Create a function to detect text sentiment

In [19]:
def sentiment_predict(model, text):
    sentiment = model.predict(text)
    print(str(text).replace("\\n     ", ''))
    if sentiment == 0:
        output = 'This is a negative review'
    else:
        output = 'This is a positive review'
    return output

Create new samples

In [20]:
new_review_sample = [
    ["""
     I could have actually cried watching this. Dr. Strange is one of my favourite Marvel movies but this was just plain awful. 
     1 hour in and I was debating leaving. Marvel are losing their touch, and ever since Endgame, it just hasn't felt the same, 
     apart from NWH. Sam Raimi messed up big time.
     """
    ],
    ["""
     While this film has a more grim tone than its predecessors it's still a Marvel film at heart. Of course it would take Sam Raimi 
     to find the perfect blend of comic-book-movie, horror, fantasy and slapstick. He might be working with a massive budget now, but 
     the man stays true to his roots and sticking with what he knows pays off.
     The pacing may seem disjointed or fragmented at times, but I feel that only reflects the complex nature of 
     the multiverse within the film. Maybe it's not like other groundbreaking MCU films, but ultimately this is an entertaining feature.
     """
    ]
]

Predict sample 0

In [21]:
sentiment_predict(clf, new_review_sample[0])
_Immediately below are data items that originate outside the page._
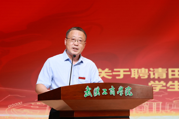孔建益校长致欢迎辞,他表示,学生生涯发展行业导师将为武工商学子拓展更宽广的生涯发展视野,带来更丰富的行业实践经验与智慧。对于行业导师队伍的建设和发展,他提出三点意见:一是发挥行业导师在学校人才培养过程中的重要作用。通过行业导师丰富的行业知识、经验和经历,为学生打开职业社会认知之门,开启人生发展正确之道;二是明确“行业导师”是学校“一员三师”(即辅导员、学业导师、企业导师、行业导师)学生成长导师体系的重要组成部分,明确行业导师的职责。希望行业导师不仅为学生传授职场中成功的见识、经验、方法,更要将事业的成功之道、家庭的幸福之道、生活的精致之道传授给学生,帮助学生形成正确的价值观、职业观、成才观和幸福观;三是在实践中不断探索完善行业导师制度。学校各单位要充分认识行业导师在学校人才培养中的作用,要把行业导师工作纳入学校师资队伍建设工作范畴,要站在学校人才培养的角度来谋划和推进行业导师的选配、管理和服务工作。在实践中不断改进、完善学校行业导师工作制度。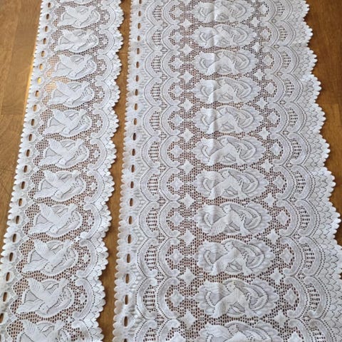 Hvit heklet blonde gardin med dekorativt mønster og buet kant. Gardinen består av lengder med gjennombrutt heklemønster og blomstermotiv langs kanten. Egner seg som vindusgardin, kappe eller pyntepanel i rom der man ønsker lett innsynsskjerming og dekorativ tekstil. Materialet fremstår som lett og luftig, og slipper gjennom dagslys samtidig som mønsteret gir struktur og detalj i interiøret.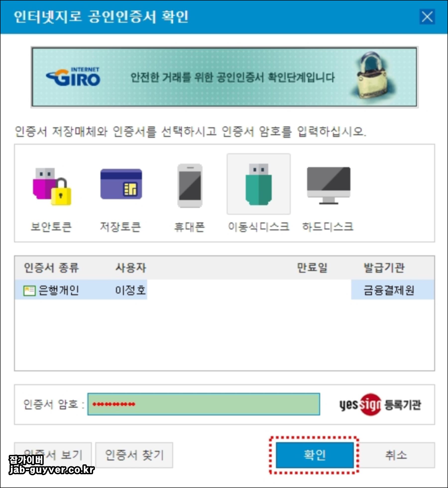 - 주민등록번호 or 전자납부번호 입력 후 본인인증조회 눌러준 다음 공인인증서를이용해 인증절차를 밟습니다.

["I could have actually cried watching this. Dr. Strange is one of my favourite Marvel movies but this was just plain awful. 1 hour in and I was debating leaving. Marvel are losing their touch, and ever since Endgame, it just hasn't felt the same, apart from NWH. Sam Raimi messed up big time."]


'This is a negative review'

Predict sample 1

In [22]:
sentiment_predict(clf, new_review_sample[1])

["While this film has a more grim tone than its predecessors it's still a Marvel film at heart. Of course it would take Sam Raimi to find the perfect blend of comic-book-movie, horror, fantasy and slapstick. He might be working with a massive budget now, but the man stays true to his roots and sticking with what he knows pays off.The pacing may seem disjointed or fragmented at times, but I feel that only reflects the complex nature of the multiverse within the film. Maybe it's not like other groundbreaking MCU films, but ultimately this is an entertaining feature."]


'This is a positive review'

## Save model

In [23]:
filename = "model/movie_review_model.sav"
joblib.dump(clf, filename)

['model/movie_review_model.sav']

## Conclusion

In this project, we have succeeded in building a model that is able to predict user sentiment in movie reviews. The 50,000 user review samples were randomly splitted into two subsets, namely the training set and the testing set, each 70% and 30%, respectively. The prediction model built using logistic regression has been trained and produces a very good training accuracy, which is 0.931. The model is also able to maintain a fairly good accuracy in testing the testing set, which is 0.897.